Currently we have the problem that in some pages legacy inline script is used which is depending on script out of the main JS file. So we can't set the script tags to async loading which would unblock the main loading/rendering path, and lead to a faster First Meaningful Paint. To enable this we are doing a 2 step process :

1. HAML Linter for finding Inline Scripts (gitlab-ce!9742) - Impact - / Effort 3 / None

@winh started on a linter which will check for inline scripts. It produces a list of erronous haml templates. Almost done and in review.

**2. Remove Inline Scripts from HAML (gitlab-ce#34903) **

Based on the linting results we need to remove those inline scripts and take the functionality to dispatcher.

3. Switch to async script loading

When we have removed all inline scripts we can put the script tag at the end and activate async loading.

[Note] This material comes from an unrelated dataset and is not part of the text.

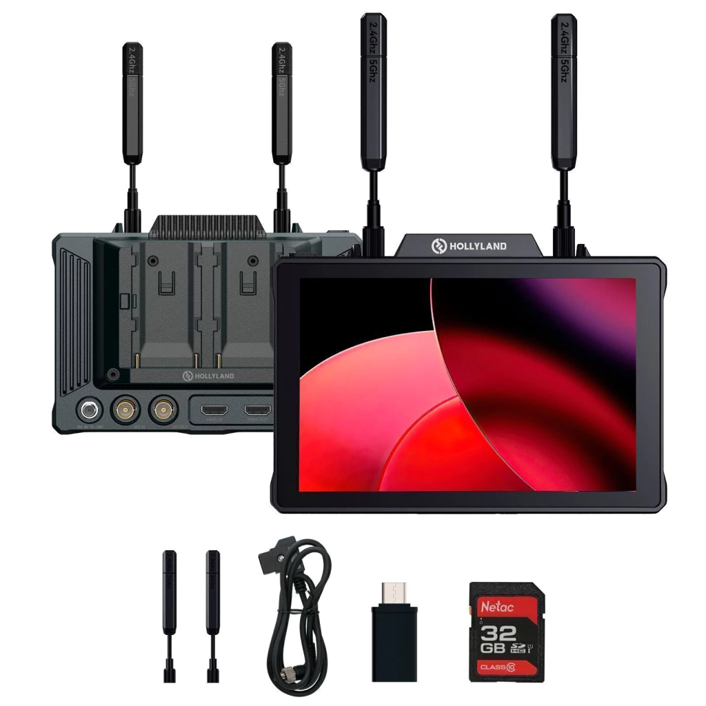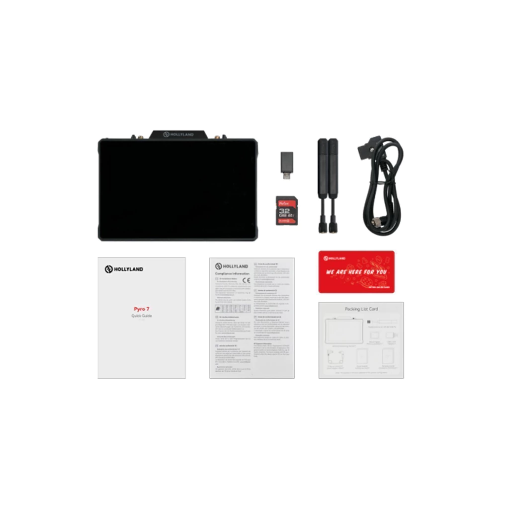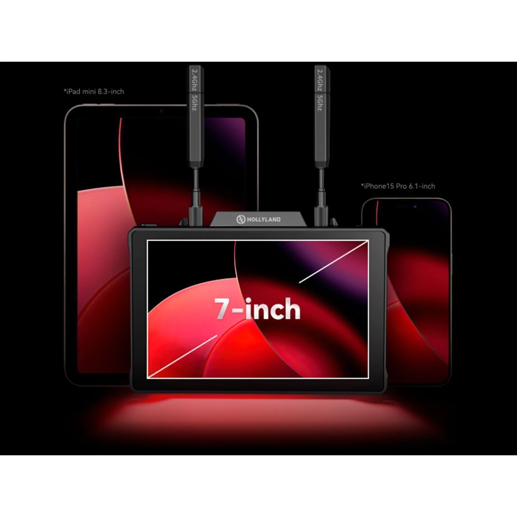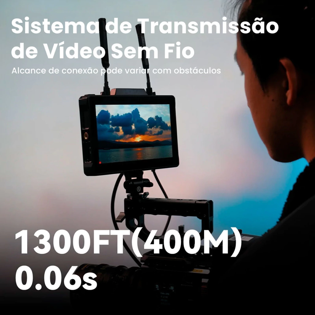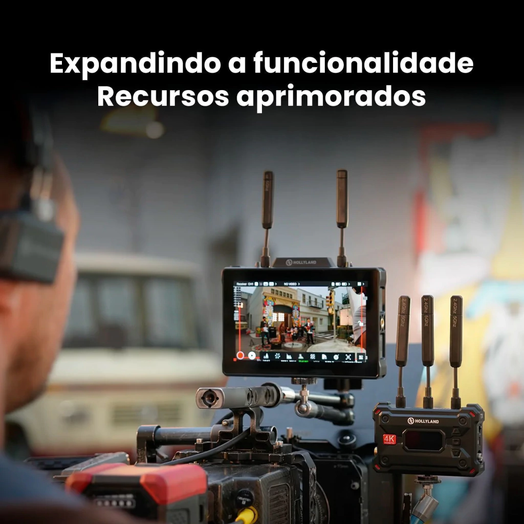 Transmita, receba e monitore transmissões de vídeo sem fio de alta qualidade usando o versátil Monitor Transceptor Sem Fio Pyro 7 da Hollyland. O Pyro 7 pega o transceptor/monitor M1 anterior e o torna maior e melhor com uma tela sensível ao toque de 7", placa de bateria dupla série L, transmissão sem fio a até 400 metros de distância, ferramentas de imagem HollyOS atualizadas, gravação de vídeo em cartão SD, entrada/saída HDMI/SDI, streaming RTSP, um Pyro 7 envia para até quatro receptores, além de salto automático de banda dupla de 2,4/5 GHz e salto automático de frequência. ESPECIFICAÇÕES TÉCNICAS: Tipo de painel: LCD Tamanho da tela: 7,0" / 17,8 cm Resolução Nativa: 1920 x 1200 Proporção da tela: 16:9 Tela sensível ao toque: Sim Brilho máximo: 1200 lêndeas / cd/m 2 Taxa de contraste: 1000:1 Suporte HDR: Não Suporte LUT: Sim Controles de imagem: Pico de foco, forma de onda Antena E/S: 2x RP-SMA Macho E/S de vídeo: 1x Entrada BNC (3G-SDI) 1x Saída BNC (3G-SDI) 1x Entrada HDMI 1.4b 1x Saída HDMI 1.4b Áudio incorporado: HDMI/SDI: 8 canais E/S de áudio: 1 saída de fone de ouvido de 1/8" / 3,5 mm Alto-falante embutido: Não E/S de energia: 1x Entrada de Barril Outras E/S: 1 entrada USB-C (firmware) Slot para cartão de mídia/memória: Slot único: SD/SDHC/SDXC [Suporta gravação] Criptografia: Não Alcance sem fio: 396,2 m (Linha de Visão) 198,1 m Largura de banda do canal: 40 MHz, 20 MHz Faixa de frequência: EUA: 5,1 a 5,8 GHz EUA: 2,412 a 2,484 GHz Latência: 60 ms Potência de RF: 23 dBm Sensibilidade de RF: -80 dBm Bluetooth: Sim

Interim Solution : Specific Async Loading : gitlab-ce#34904

Webpack Code Splitting (gitlab-ce#33391) - Impact 7 / Effort 5 / GL

This will enable us to deliver packages which are optimised for each page. Already in progress

Upgrade to jQuery 3.x (gitlab-ce!11812) - Impact 5 / Effort ? / GL

Through the upgrade to jquery 3.x , which was a complete rewrite we could gain in some areas a significant performance boost, as selectors and a lot of other internals are much faster then in 2.x. Already in progress but hard to say the global effort.

Change to lodash instead of underscore.js (gitlab-ce!11812) - Impact 2 / Effort 4 / GL

Changing from underscore.js to lodash should give us here and there also a boost in execution. Main effort is to create a selective + optimised lodash package.


Data

Local Storage, Async API , etc.


Infrastructure changes

CDN (gitlab-com/infrastructure#57) - Impact 9 / Effort 4 / .com

By going through a CDN for our FE assets we should be able to reduce loading time significantly.

GZIP (gitlab-ce#33719) - Impact 7 / Effort ? / GL and/or .com

GZIP would help compress any textual content (html/json) that we are sending out from our webservers.